Artifacts unearthed in Idaho challenge the idea that the first people to populate the Americas made the journey on foot around the end of the Ice Age.

By KATHERINE J. WU Thursday, August 29, 2019

Archaeologists at work at the Cooper’s Ferry archaeological site in western Idaho in 2013. Image Credit: Bureau of Land Management, flickr

Archaeologists at work at the Cooper’s Ferry archaeological site in western Idaho in 2013. Image Credit: Bureau of Land Management, flickr

By about 13,000 years ago, the Ice Age had finally begun to wane. As the glaciers that once blanketed the westward flank of what’s now Canada receded, a thin, iceless corridor appeared between two towering walls of ice—clearing, at long last, an accessible path from modern-day Alaska to the rest of the Americas.

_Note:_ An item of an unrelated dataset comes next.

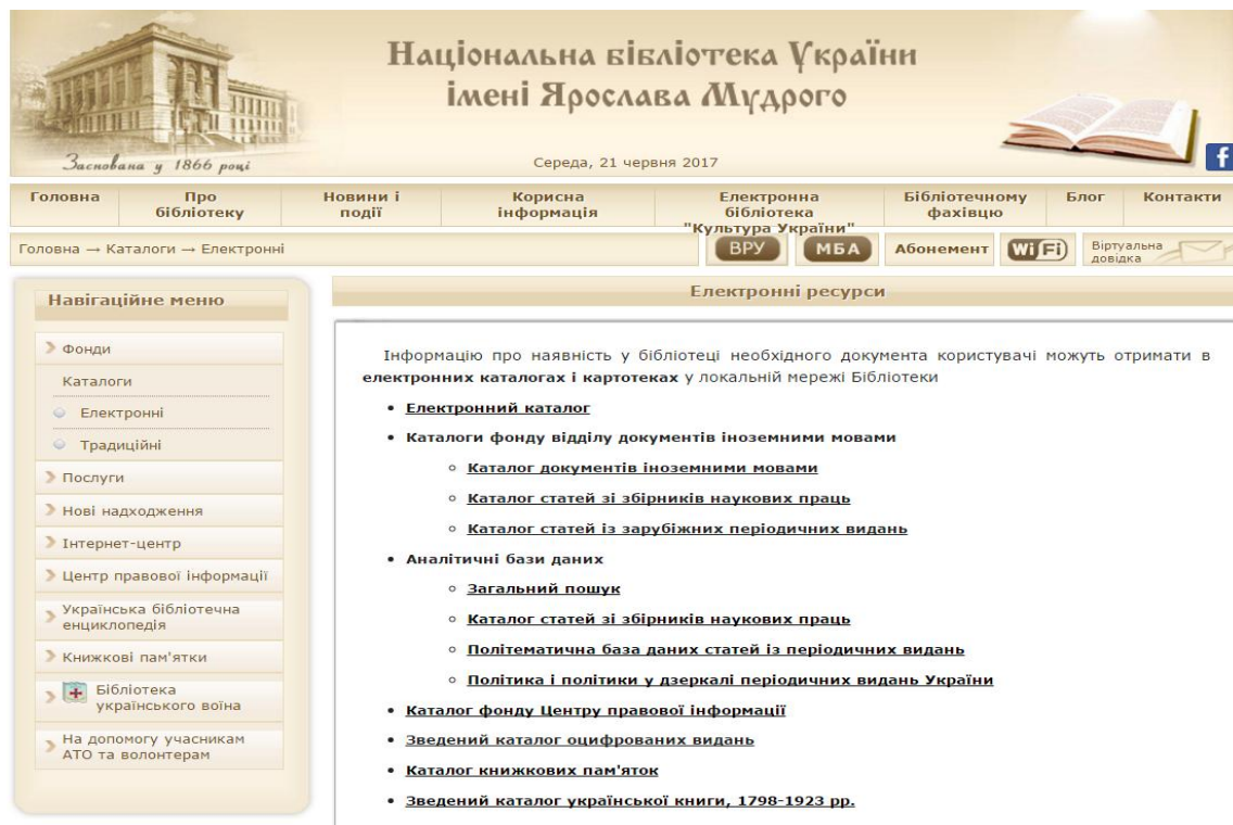
Рис. 1. Електронні ресурси НБУ ім. Ярослава Мудрого

З усіма електронними каталогами НБУ ім. Ярослава Мудрого можна ознайомитись на сайті ( http://www.nplu.org/ ) (Рис. 1).

But when—or even, if—humans utilized this newly exposed strip of land in their southbound migration, the footprints they left probably weren’t the continent’s first: Another group of early people almost certainly beat these terrestrial migrants to the punch.

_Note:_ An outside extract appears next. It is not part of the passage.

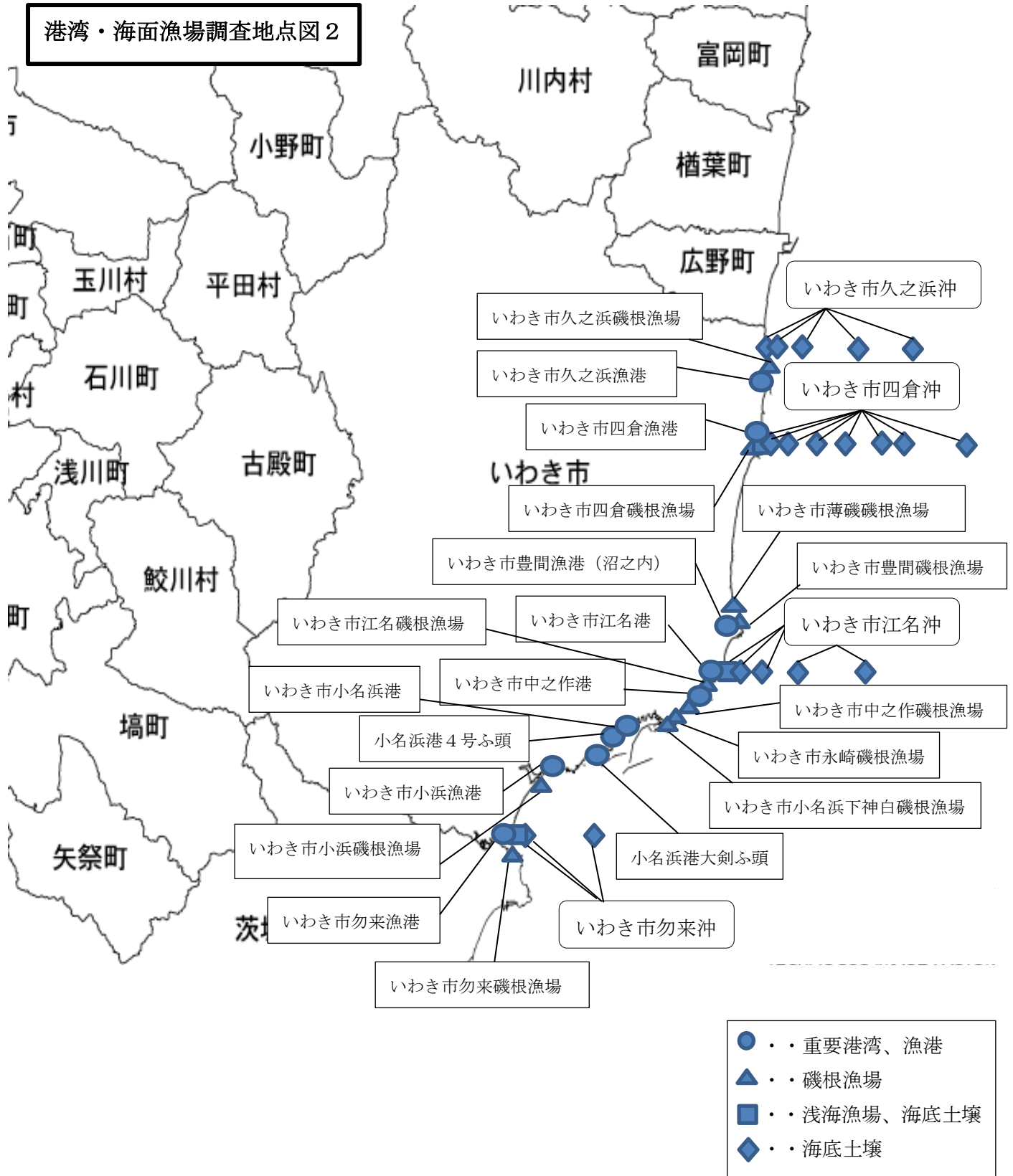
港湾・海面漁場調査地点図 2

Reporting today in the journal Science, an international team of archaeologists has uncovered a cache of artifacts from Idaho that suggest humans had already settled the Pacific Northwest 16,000 years ago, long before rising temperatures had time to expose the continent’s ice-free footpath. The findings lend support to the idea that the continent’s inaugural human inhabitants were migrants from across the Pacific who first entered the New World not by land—but by sea.

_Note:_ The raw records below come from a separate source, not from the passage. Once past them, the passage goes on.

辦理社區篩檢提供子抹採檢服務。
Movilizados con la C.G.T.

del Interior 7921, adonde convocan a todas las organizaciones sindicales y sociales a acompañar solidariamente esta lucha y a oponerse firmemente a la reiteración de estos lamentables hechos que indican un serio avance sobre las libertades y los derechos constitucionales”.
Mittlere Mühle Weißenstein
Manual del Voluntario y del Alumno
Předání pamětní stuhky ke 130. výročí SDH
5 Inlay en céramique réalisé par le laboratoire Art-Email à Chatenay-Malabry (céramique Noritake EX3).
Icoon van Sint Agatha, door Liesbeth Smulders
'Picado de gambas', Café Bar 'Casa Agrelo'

“This is really exciting work...that presents some of the oldest evidence of a human presence in North America,” says Alia Lesnek, a geologist at the University of New Hampshire who studies early coastal migrations, but was not involved in the study. The dates associated with the site’s artifacts, she adds, “basically preclude the idea that people first traveled here [through] the ice-free corridor.”